Ariadne nodded. “College servant this time. Pair of them got caught. The Prince of Wales, as he then was, got wind and was livid. The then master of St. Bride’s had the old man’s ear and saved the day by covering the scandal up.”
Jonty couldn’t resist cutting in. “Poor old Eddy. Sorry, Albert. Family nickname for him.”
“Your father’s royal connections coming out again?” Ariadne grinned. “Carry on.”
“Whatever we call him, I bet he was immensely grateful, although I didn’t know about the scandal. Not this one, or the book.”
“Shame we don’t have your father still with us.” Ariadne didn’t need to say more. Mr. Stewart would have been able to fill in any missing details.
“I know. I miss the old boy more than ever.” Jonty shared a wistful smile with his hostess. “Now, back to the point. Cleveland Street is a well-known scandal—at least well-known in the greater scheme of things. H
ow did the master manage to maintain such secrecy about this business?”
“This business was relatively minor. Much easier to keep secret than an entire establishment devoted to, um . . .”
Jonty waited to see what euphemism Ariadne would come up with for renters.
“To unfortunate boys. Don’t grin. Besides, Dr. Stewart,” she said, deftly side stepping the issue, “you’ve been in the Senior Common Room often enough. You’ve seen them close ranks.”
“I have. But I’ve no experience of whether the same applies at Trinity.”
Ariadne began to laugh in her deep, almost-manly chuckle. “I’m glad your professor isn’t here to see you make such a mess of what should be an obvious bit of deduction. The servant worked here. The prince wasn’t daft enough to make a mess in his own backyard. The lad in question was found a position elsewhere.”
“With an emolument to oil the wheels of his going and help keep his trap shut?”
“Something like that.

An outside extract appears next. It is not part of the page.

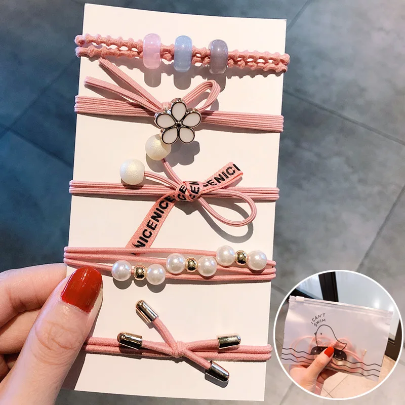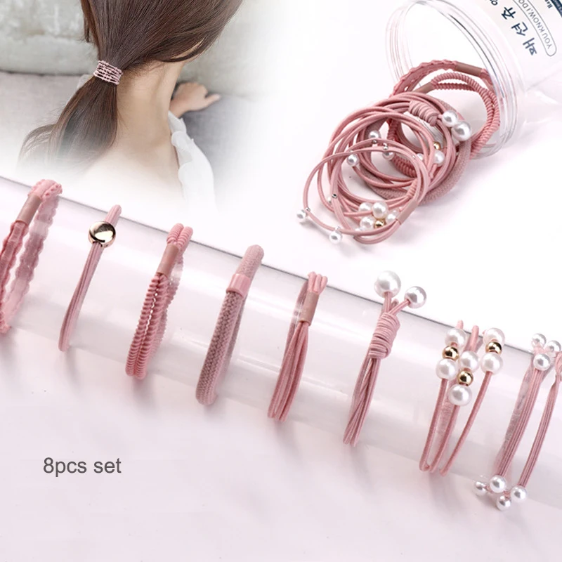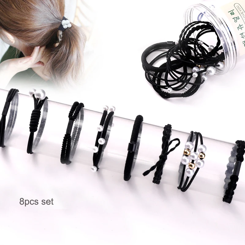 Модные повязки для девочек, корейские нейлоновые эластичные повязки для волос, держатель для хвоста, головные уборы, элегантные резиновые резинки с жемчугом, женские аксессуары для волос

Prince Albert showed his gratitude by donating a particular book, one that had come to him from his grandmother. One we’re now pretty sure Owens purloined when he got his sticky fingers on the other volumes.”
“Has nobody confronted the despicable hog about it?” Jonty could imagine King Edward himself coming along and thrashing the truth out of the man.

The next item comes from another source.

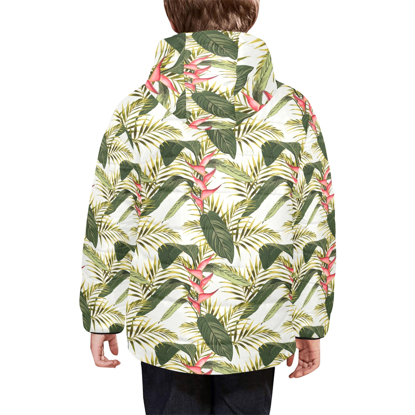 heliconia pattern Kids' Boys' Girls' Padded Hooded Jacket
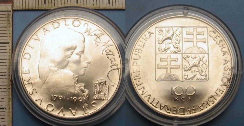 - 1991 - 100 Kč, stříbro - 200 let úmrtí Wolfganga Amadea Mozarta, kapsle

“Apparently my brother did, when he accosted him about the other missing stuff. Of course, the lying toerag denied ever having had his hands on the things. Said the timing was merely coincidental.” Ariadne sniffed. “Lemuel never believed a word of it. He even considered asking you two to break into Owens’s set of rooms, locate the missing volumes and snaffle them. I wouldn’t let him, of course.”
“Spoilsport. I’d have fancied that. And if Professor Coppersmith felt it beneath his dignity, Papa would have lent a hand. He was a true Christian.” Jonty grinned, sparking off another bout of the giggles from his hostess.
“One day a thunderbolt will strike you, and I hope it doesn’t spark onto either me or Professor Coppersmith.”